Something I've been thinking about. We see Spark running a very large number of "statObject" calls and "listObject" - and I would like to speed those up. (This is not an immediate suggestion, or even a suggestion, I'm just trying to wrap my head around things and understand the feasible solution space!)
Now almost all of these calls seem very racy: delete a file, see if its "directory" is empty; create a file, see if we want to give it a directory marker - stuff like that. The point about these calls is that the calling code does not expect a consistent answer! Supposewe could identify on the Spark side these calls (because some calls really need consistency - it's just that others don't...). Then we could ask lakeFS for an inconsistent ("eventually" consistent) answer!

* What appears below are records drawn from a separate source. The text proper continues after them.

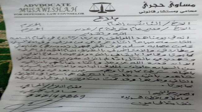 وقال حجري في بلاغ للنائب العام للجمهورية ومدير عام شرطة محافظة عدن، إنه تعرض لمحاولة اختطاف من قبل مجموعة مسلحة مجهولة على متن طقم عسكري اعترضوا سيارته بعد خروجه من منزله.
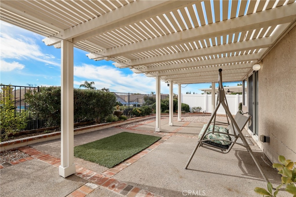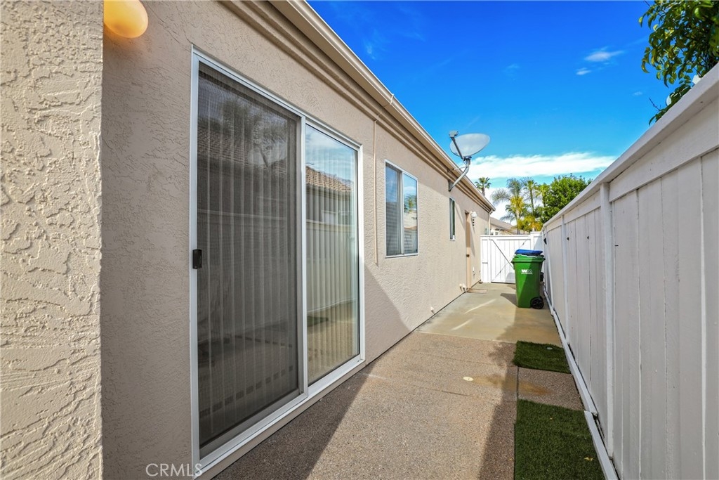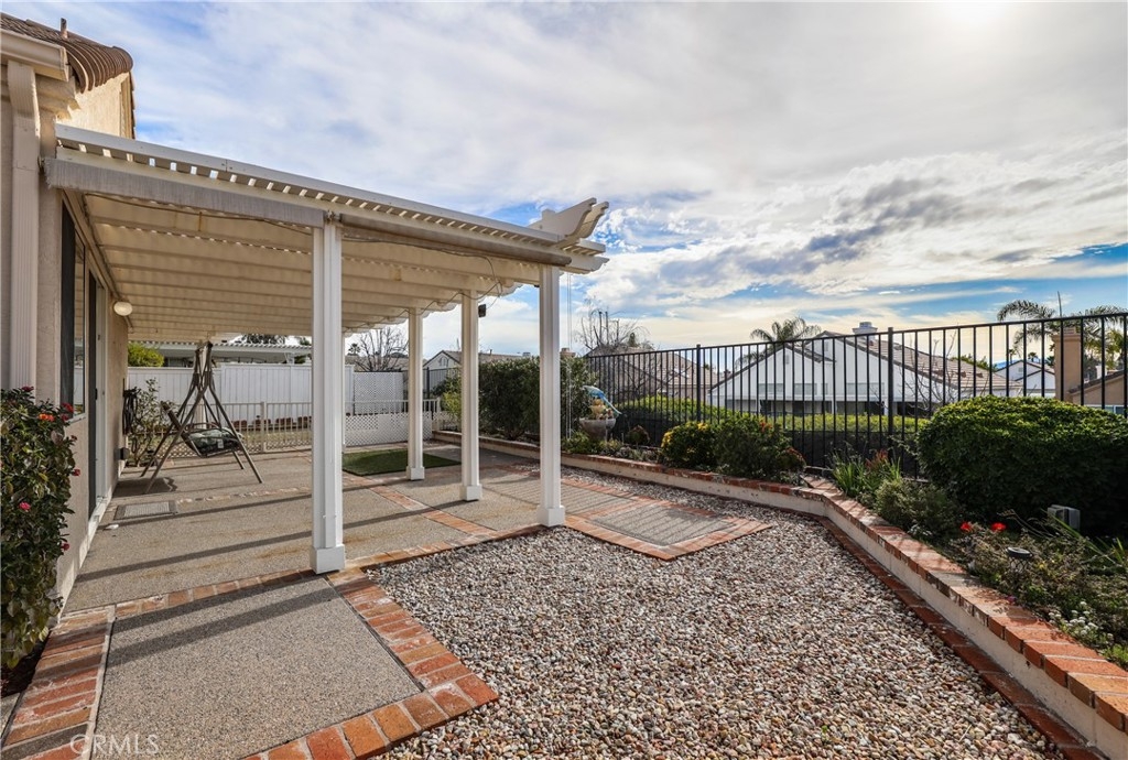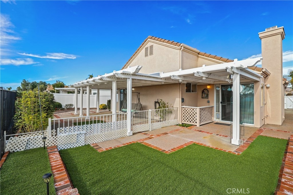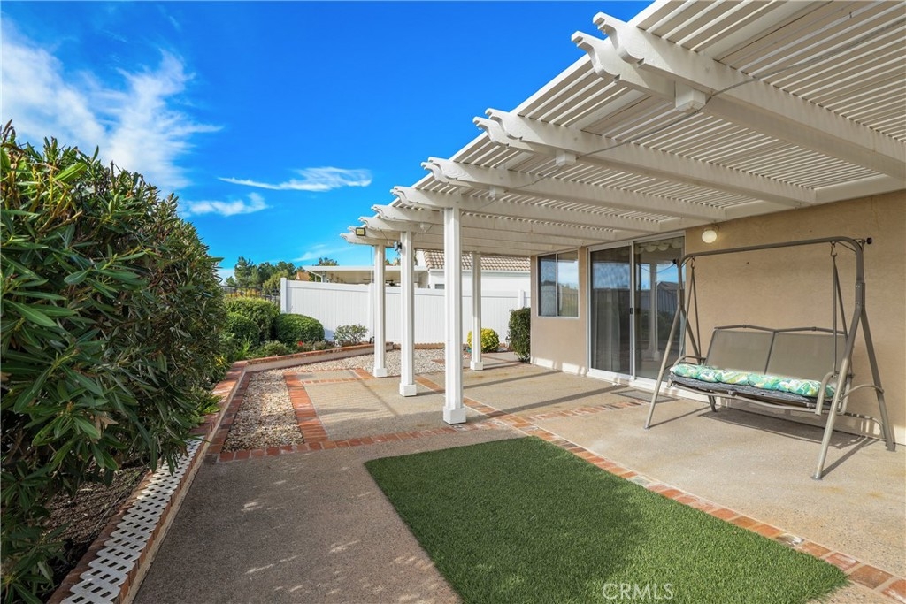BACK on the market due to Buyer health issue. You will love this great single-story home with beautiful natural light, located in The Colony, one of SoCal's finest 55+ gated senior communities. This bright and open plan has a living room with formal dining, a kitchen that opens to the casual eating area and family room with a fireplace. The kitchen has a spacious walk-in pantry. Both bedrooms are oversized and each has a bathroom. The primary suite also offers a walk-in closet and the bathroom has a bidet-type toilet. The patio and back yard are so lovely with artificial turf, brick planters and a view over a large HOA maintained greenbelt. You will love relaxing in the afternoon shade on your patio in this serene location. The front features a gated courtyard and inviting hardscape with clean concrete on both sides of the home. The exterior and patio were repainted recently. The microwave was replaced in the last few months, water heater is 2 years new, heating system is approximately 5 years old. Vinyl fencing on one side is newish. You will love the convenience of the indoor laundry room with cabinets. The 2-car garage has lots of built-in storage. The Colony is a PREMIER SENIOR GATED COMMUNITIES for ages 55+ with a RESORT CLASS CLUBHOUSE, year-round pool, 2 spas, lighted pickle ball/paddle tennis and tennis courts. You can enjoy the gym, library, ping pong, billiards, hair/nail salon. There are groups & activities for all interests with an auditorium for shows, dances, banquets, concerts, movies, bingo & parties for all occasions. A privately owned 18-hole golf course is inside the gate. The HOA waters & maintains all front landscaping. Guard gated entry and 24-hour security patrol give you peace of mind. You will love the friendly neighbors and sense of community as you enjoy TRUE RESORT STYLE SENIOR LIVING in The Colony.
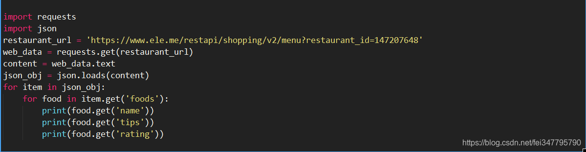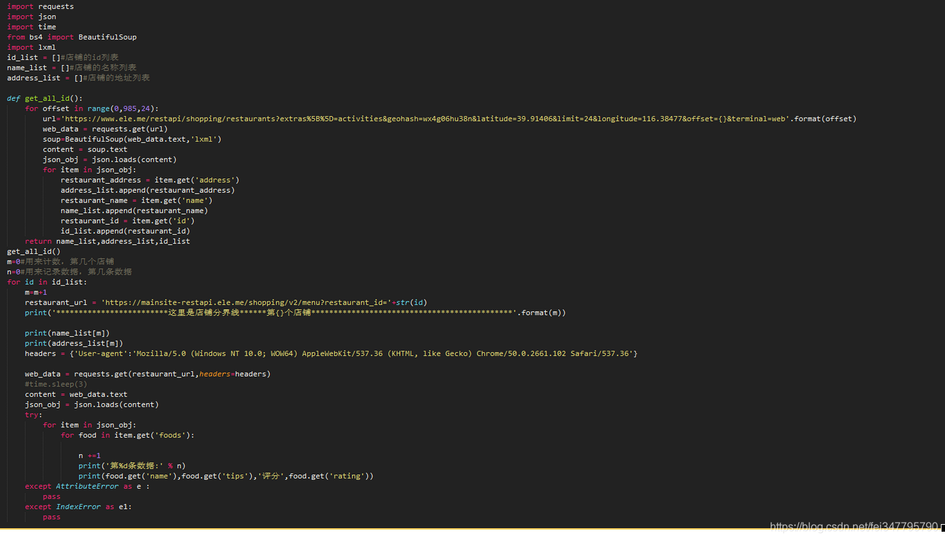 4.我们的目的是爬取中南海附近所有的外卖信息,这样一个个爬取肯定是浪费时间的,返回到上一页,我们再随便打开几个店铺,发现几个url只有后面一串数字不同,观察之后发现这就是店铺的id,因此我们只需要获取所有店铺的id就可以获取所有店铺的外卖信息了。爬取id的过程其实和上一个页面差不多,都是通过抓包完成的,这里不多做解释。直接上完整代码
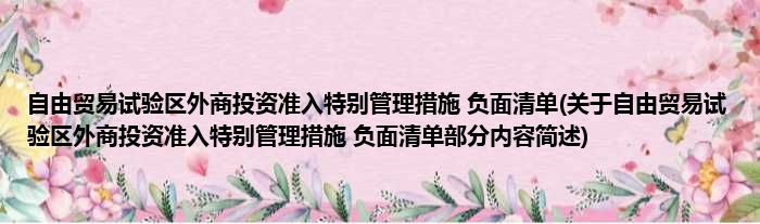 自由贸易试验区外商投资准入特别管理措施 负面清单(关于自由贸易试验区外商投资准入特别管理措施 负面清单部分内容简述)
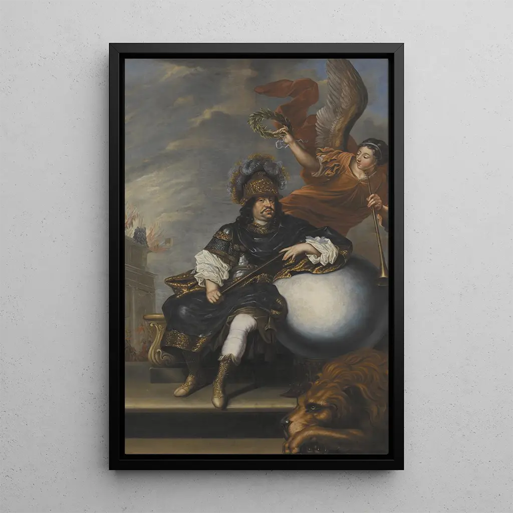 Karl X Gustav 1622-1660 : kuninkaallinen muotokuva, joka huokuu majesteettisuutta David Klöcker Ehrenstrahlin maalaama "Karl X Gustav" -taidegrafiikka esittää Ruotsin kuninkaan koko loistossaan. Rikkaat ja syvät värit, jotka yhdistävät kultaisia sävyjä ja sinisen vivahteita, luovat sekä juhlavan että dynaamisen tunnelman. Taiteilijan tekniikka, joka on tunnusomaista tarkkojen siveltimenvetojen ja huolellisen yksityiskohtien huomioimisen ansiosta, herättää kuninkaan muotokuvan eloon. Karl X Gustavin ylpeä ja päättäväinen katse sekä hänen kuninkaallinen vetovoimansa kertovat hänen vallastaan ja auktoriteetistaan, kutsuen katsojan ihailemaan Ruotsin monarkian suuruutta. David Klöcker Ehrenstrahl : kuninkaiden muotokuvamaalari David Klöcker Ehrenstrahl, joka toimi 1600-luvulla, tunnetaan yhtenä aikansa merkittävimmistä muotokuvamaalareista. Hän syntyi Ruotsissa ja hänen tyylinsä heijastavat barokin ja klassismin vaikutteita, mikä näkyy hänen teoksissaan. Ehrenstrahl sai kunnian maalata useita kuninkaallisia jäseniä, ja hänen työnsä on osaltaan muokannut Ruotsin monarkian kuvaa. Hänen taiteellinen lähestymistapansa, joka yhdistää realismia ja idealisointia, merkitsi aikaa, jolloin muotokuva ei ainoastaan tallentanut historiallisia hahmoja, vaan myös vahvisti heidän valtaansa ja legitiimiyttään. Monipuolinen koristeellinen taidegrafiikka "Karl X Gustav" -taidegrafiikan reproduktio on koristeellinen kappale, joka rikastuttaa sisustustasi, olipa kyseessä olohuone, toimisto tai makuuhuone. Sen tulostuslaatu ja uskollisuus alkuperäisväreille tekevät siitä ihanteellisen valinnan taiteen ja historian harrastajille. Sisällyttämällä tämän taidegrafiikan osaksi sisustustasi, tuot esiin hienostuneisuuden ja eleganssin vivahteita, samalla juhlistaen ruotsalaista kulttuuriperintöä. Tämän kankaan esteettinen vetovoima tekee siitä erinomaisen keskipisteen, joka herättää uteliaisuutta ja ihailua vieraissasi.
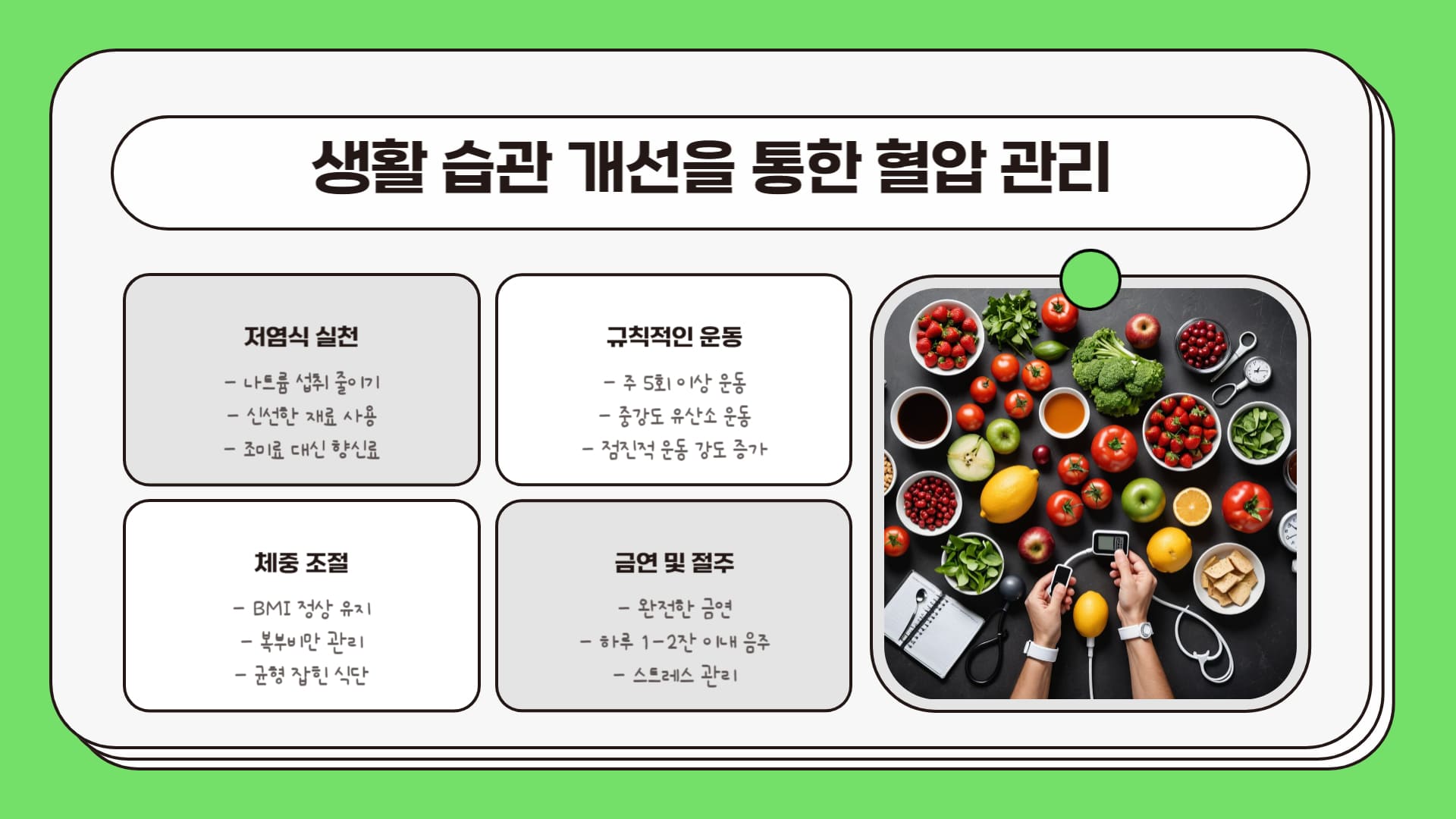 혈압 낮추는법 운동은 건강 관리의 첫걸음! 규칙적인 유산소 운동과 근력 운동을 병행하고, 나트륨 섭취를 줄이며 칼륨, 마그네슘, 칼슘, 섬유질이 풍부한 음식을 섭취하는 것이 중요합니다. 건
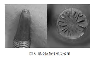3)裝配預緊力超過螺栓的正常承載能力而斷裂。螺栓典型的拉伸過載失效會在斷裂前拉伸并“縮頸”,如圖 8 所示。

Would it be possible? How much faster would it be, say on DynamoDB and on PostgreSQL?
09/23/2022, 9:03 AM
I may be missing some details on the Spark side of things - but if it’s ok with a non-consistent answer can it be resolved from the client side somehow? For example, cache the latest answer, or assume deletion worked, or anything else.. The reason I’m asking for a client side is that many of the DB calls are merely repo/branch/commit calls, so saving the last one (get on the staging token for the key) won’t save that much time.
Ariel Shaqed (Scolnicov)
09/23/2022, 9:11 AM
Agree that getRepo and getBranch are easily cached. I'm thinking more of statObject - harder to cache because the storage of keys can be so large.
Could we make that more efficient when Spark can say "I'm okay with eventual consistency here"? I know it will be 2x cheaper on DynamoDB... but if it is so slow that we end up retrying then I've gained nothing. But if it's fast & cheap, maybe we can afford up some of these calls?
09/23/2022, 9:46 AM
I as see it at the logical level in spark there are several operation that can ask eventually consist - but will require a point in time, bookmark saying I want to wait at this point to have all my writes/deletes in place.
The problem that for a single statObject request we don't know if this is the point in time that matters.
Ariel Shaqed (Scolnicov)
09/23/2022, 9:52 AM
But perhaps we can figure it out on the Spark side using some extra information (say another hook from OutputCommitter, or wrapping another OutputCommitter, or writing our own).
Let's say that we can add such a bit to every stat call. Can lakeFS use that bit to speed up that call?